::: Provided material

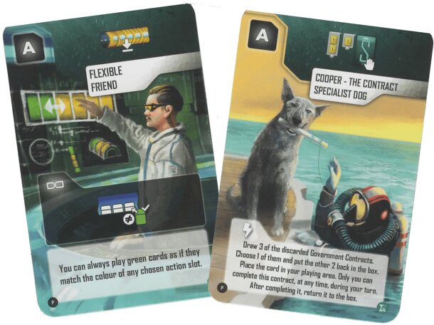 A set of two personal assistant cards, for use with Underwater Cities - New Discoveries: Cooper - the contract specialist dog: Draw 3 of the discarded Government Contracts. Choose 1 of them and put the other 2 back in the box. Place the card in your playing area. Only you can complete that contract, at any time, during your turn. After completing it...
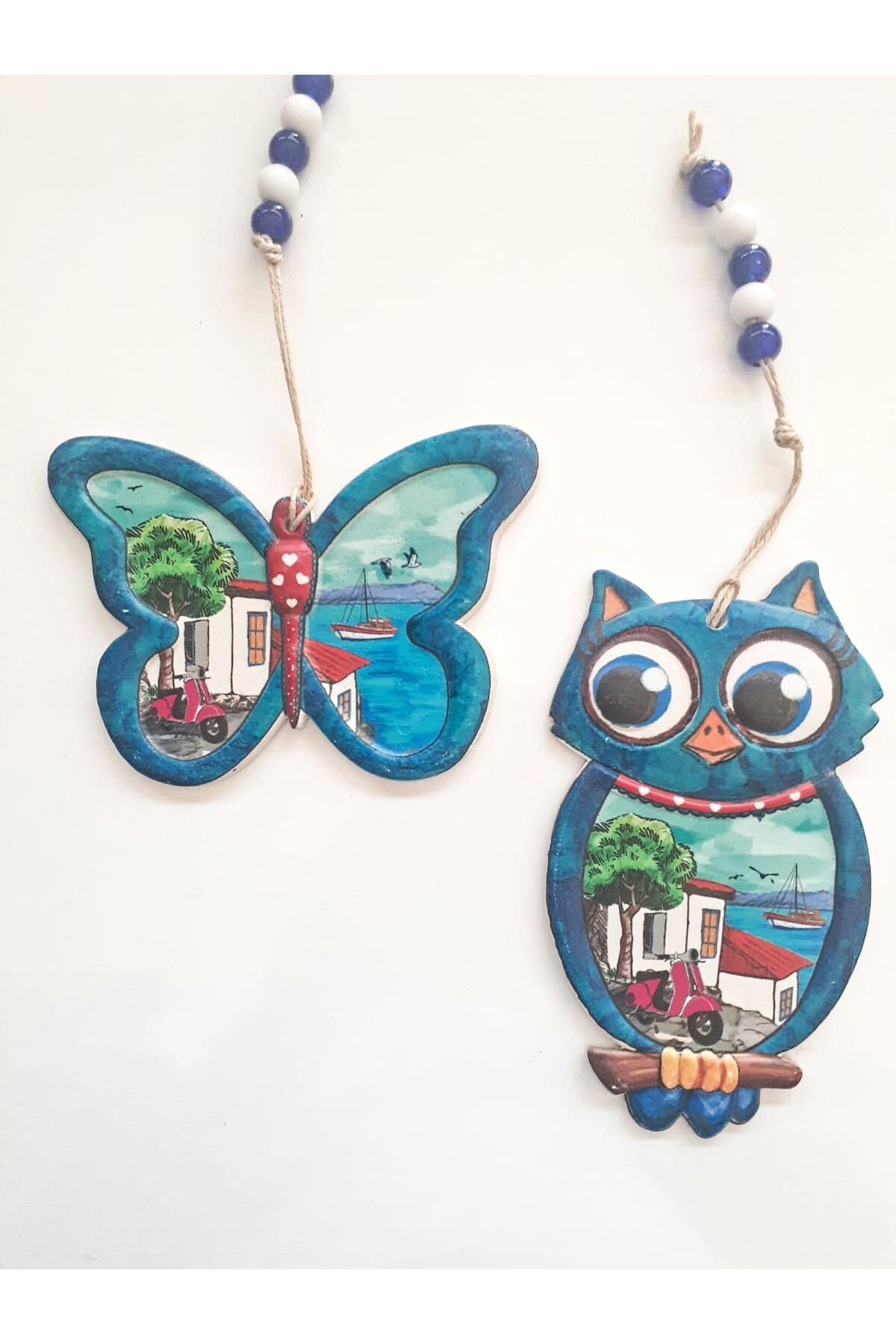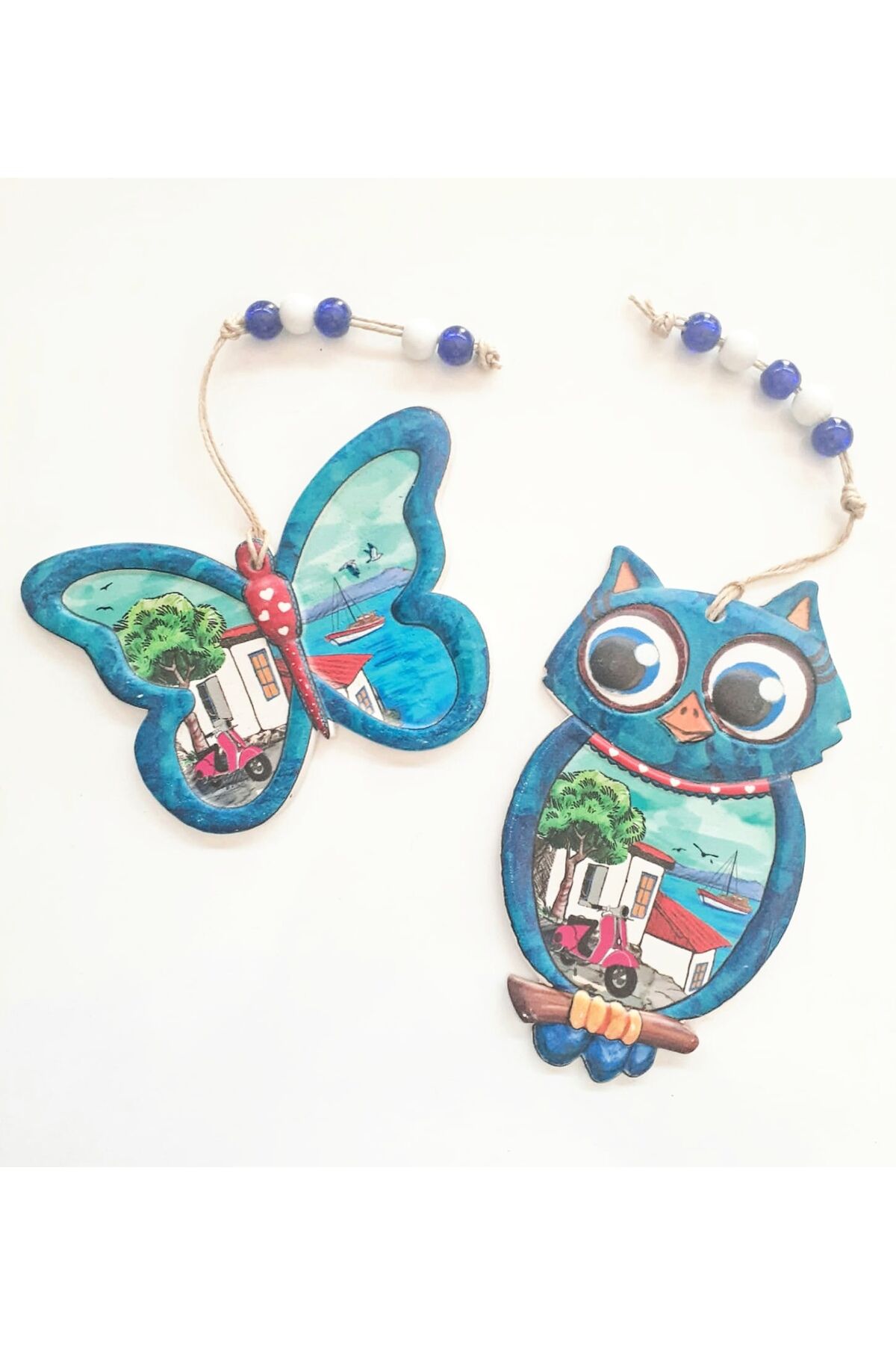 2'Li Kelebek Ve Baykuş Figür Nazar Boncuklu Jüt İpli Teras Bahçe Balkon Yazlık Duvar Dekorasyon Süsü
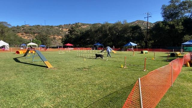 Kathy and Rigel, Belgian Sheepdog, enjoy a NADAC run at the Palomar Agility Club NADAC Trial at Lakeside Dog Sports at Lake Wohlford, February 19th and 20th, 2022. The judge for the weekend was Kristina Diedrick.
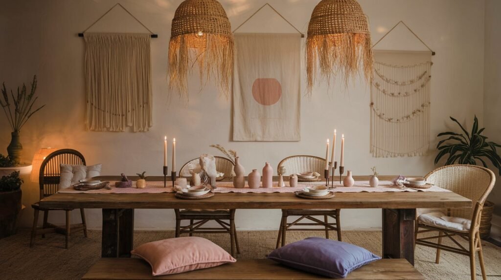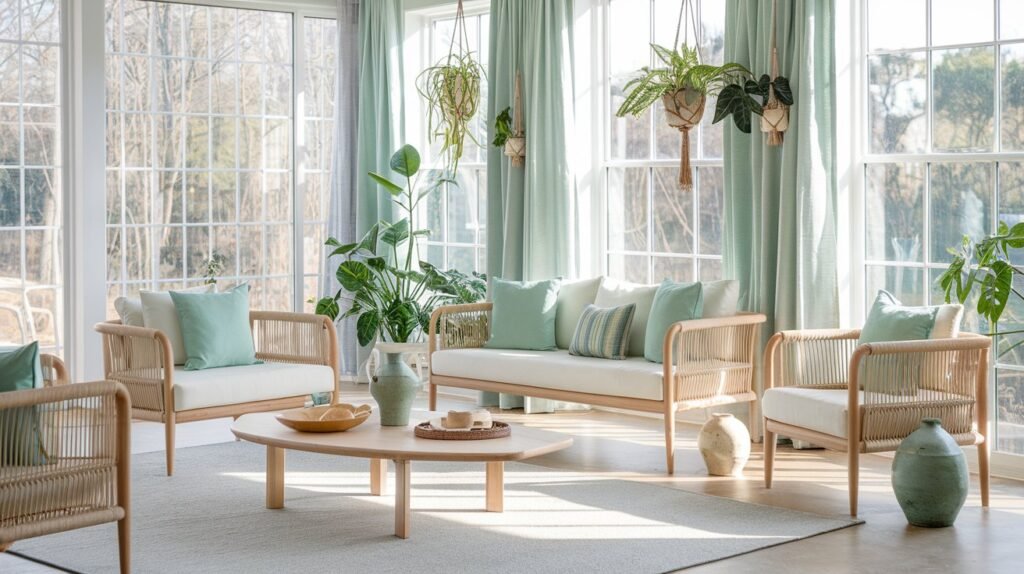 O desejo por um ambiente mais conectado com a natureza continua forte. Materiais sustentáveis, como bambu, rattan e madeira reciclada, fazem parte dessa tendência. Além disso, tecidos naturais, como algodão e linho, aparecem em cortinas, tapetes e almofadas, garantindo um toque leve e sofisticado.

::::::

■ **What you will do**
Exclude the images and output the lines above exactly.

■ **Response to the task**
 A set of two personal assistant cards, for use with Underwater Cities - New Discoveries: Cooper - the contract specialist dog: Draw 3 of the discarded Government Contracts. Choose 1 of them and put the other 2 back in the box. Place the card in your playing area. Only you can complete that contract, at any time, during your turn. After completing it...
 2'Li Kelebek Ve Baykuş Figür Nazar Boncuklu Jüt İpli Teras Bahçe Balkon Yazlık Duvar Dekorasyon Süsü
 Kathy and Rigel, Belgian Sheepdog, enjoy a NADAC run at the Palomar Agility Club NADAC Trial at Lakeside Dog Sports at Lake Wohlford, February 19th and 20th, 2022. The judge for the weekend was Kristina Diedrick.
 O desejo por um ambiente mais conectado com a natureza continua forte. Materiais sustentáveis, como bambu, rattan e madeira reciclada, fazem parte dessa tendência. Além disso, tecidos naturais, como algodão e linho, aparecem em cortinas, tapetes e almofadas, garantindo um toque leve e sofisticado.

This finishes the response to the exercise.